Hello,

I am trying to identify differentially expressed microRNAs from my NGS data.

I have two conditions (control vs drug) Each condition has three replicates.

I have done the mapping procedure successfully and have done to identify differentially expressed miRNAs.

I have used three protocols.

1. DeSeq
2. edgeR
3. Cuffdiff

Interestingly, my result report different results especially for cuffdiff vs edgeR/DeSeq.

The result from edgeR/DeSeq looks very similar.

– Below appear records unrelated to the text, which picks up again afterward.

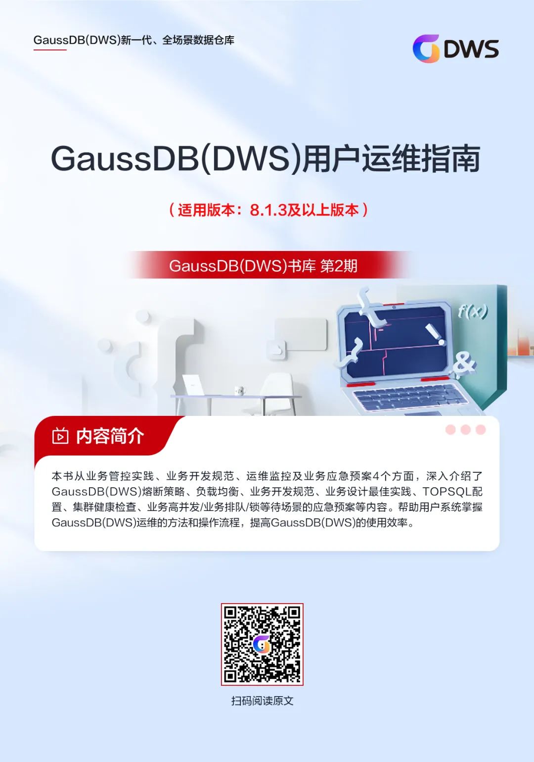 《GaussDB(DWS)用户运维指南》从业务管控实践、业务开发规范、运维监控及业务应急预案4个方面,深入介绍了GaussDB(DWS)熔断策略、负载均衡、业务开发规范、业务设计最佳实践、TOPSQL配置、集群健康检查、业务高并发/业务排队/锁等待场景的应急预案等内容。帮助用户系统掌握GaussDB(DWS)运维的方法和操作流程,提高GaussDB(DWS)的使用效率。
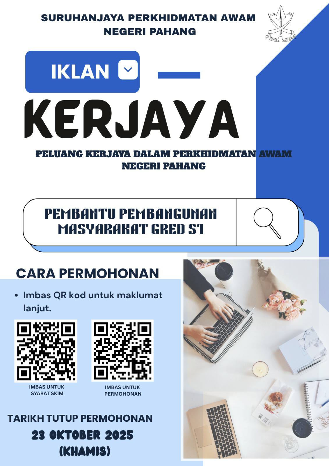 Iklan Jawatan Suruhanjaya Perkhidmatan Awam Negeri Pahang
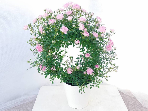 夢乙女(ミニクライミングローズ)を円満をイメージしたリング上に巻き上げ、バラがリング全体に咲き誇るよう仕立てた鉢植えです。
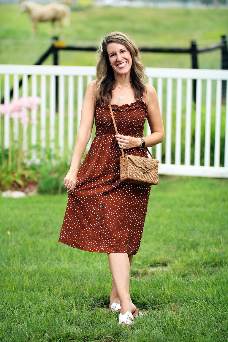 Crissy’s outfit looks chic with a pair of black tassel booties.
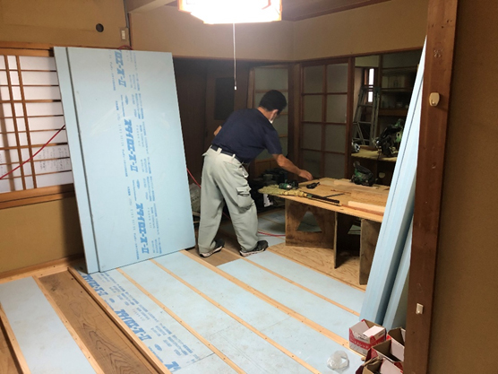 ![]() 床に熱材の施工 |
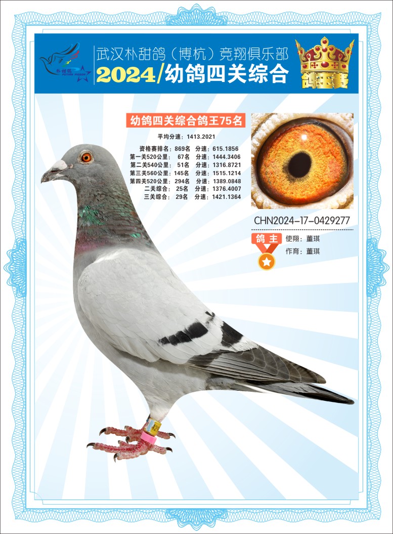 2024年武汉朴甜鸽[博杭]幼鸽四关综合鸽王75名
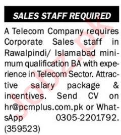 Vacant posts including sales officer and sales staff are announced in PCM Plus Islamabad, rawalpindi Islamabad Pakistan as per 1 May 2023 advertisement in daily The News Newspaper. Educational qualifications required Bachelor and BA etc.

Under the qvalue < 0.05 threshold,

I have only 2 miRNAs by DESeq and 5 miRNAs by edgeR (luckily, those two miRNAs are overlapped.) Also, when I relax the q value threshold 0.1 , those 5 miRNAs are overlapped in both DESeq and edgeR

However, for Cuffdiff result, I have 27 miRNAs (including Mirlet7d, Mirlet7a-1 etc.. which were not detected by DESeq or edgeR). And among above 5 identified DE microRNA (by edgeR/DESeq), only 4 of them are overlapped with 27 miRNAs by Cuffdiff.. Apparently, one of them are not.

So, I am not sure which tool I have to trust. I know different method has different strategy to detect DEG. however, I am not sure for my study, which one I have to trust.

Could you please give some comments for this?

You need to validate the DE miRNAs in additional samples, likely with qPCR. Then you'll know which result set is more reliable.